What is needed: Images are to be dropped, and the rest of the data reproduced exactly.

Data extract:
::::::

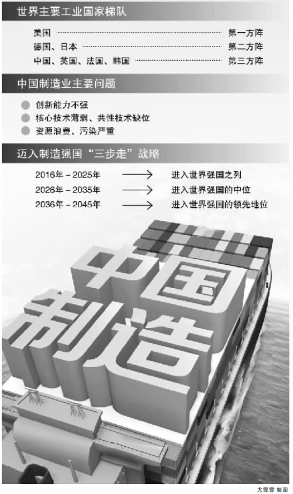 “中国制造2025”总体方案已经国务院常务会议审议通过。根据介绍,“中国制造2025”提出了中国从制造大国转变为制造强国“三步走”的战略:第一个十年进入世界强国之列;第二个十年要进入世界强国的中位;第三个十年即2045年,进入世界强国的领先地位,最终要在建国一百周年成为制造强国。
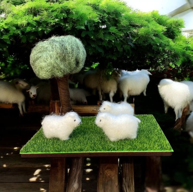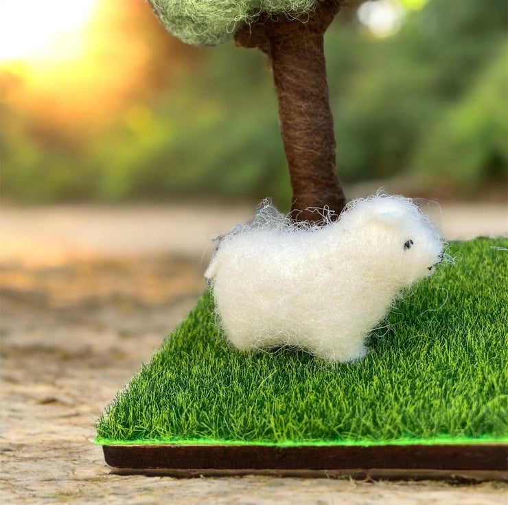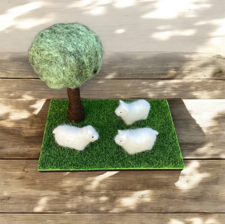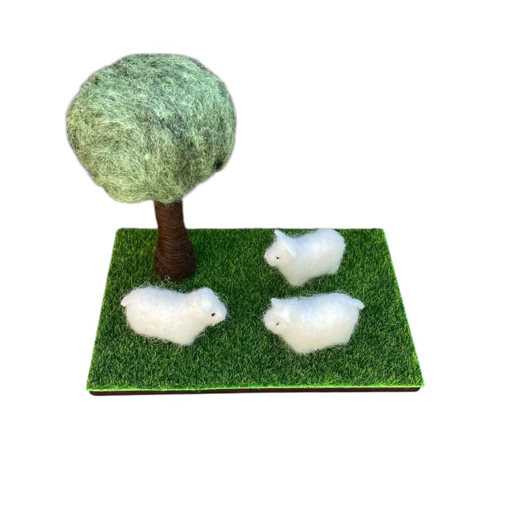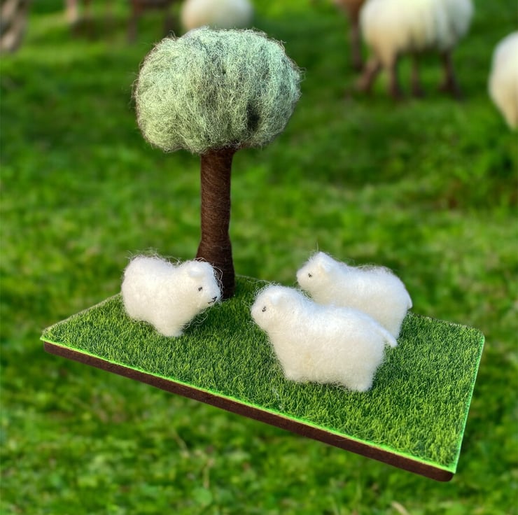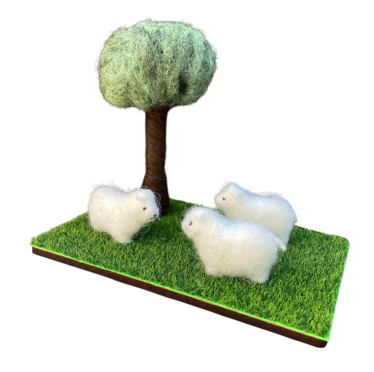 A country scene ornament with three woolly sheep standing beneath a tree. The sheep have been made from 100% wool felt, stuffed and covered in a white woolly coat. The tree has been needle felted using woollen fibres. The tree and sheep have then been mounted on a wooden base covered with artificial grass material.
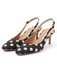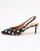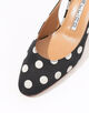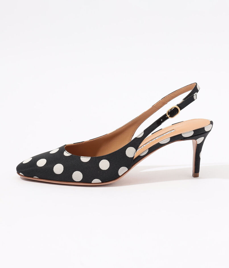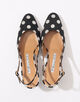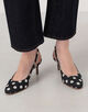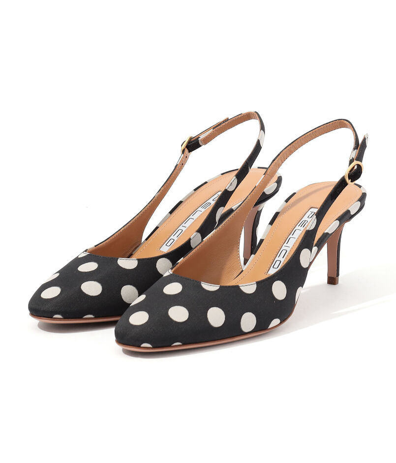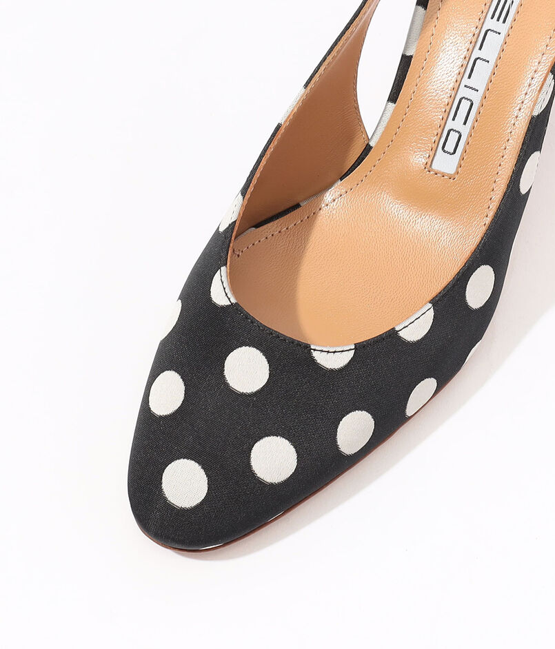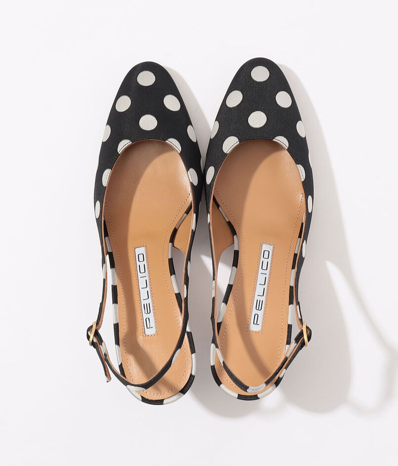 足元から洗練された女性らしさとシーズンのムードを呼び込む、ドット柄のミュールサンダル。

::::::

Written response:
 “中国制造2025”总体方案已经国务院常务会议审议通过。根据介绍,“中国制造2025”提出了中国从制造大国转变为制造强国“三步走”的战略:第一个十年进入世界强国之列;第二个十年要进入世界强国的中位;第三个十年即2045年,进入世界强国的领先地位,最终要在建国一百周年成为制造强国。
 A country scene ornament with three woolly sheep standing beneath a tree. The sheep have been made from 100% wool felt, stuffed and covered in a white woolly coat. The tree has been needle felted using woollen fibres. The tree and sheep have then been mounted on a wooden base covered with artificial grass material.
 足元から洗練された女性らしさとシーズンのムードを呼び込む、ドット柄のミュールサンダル。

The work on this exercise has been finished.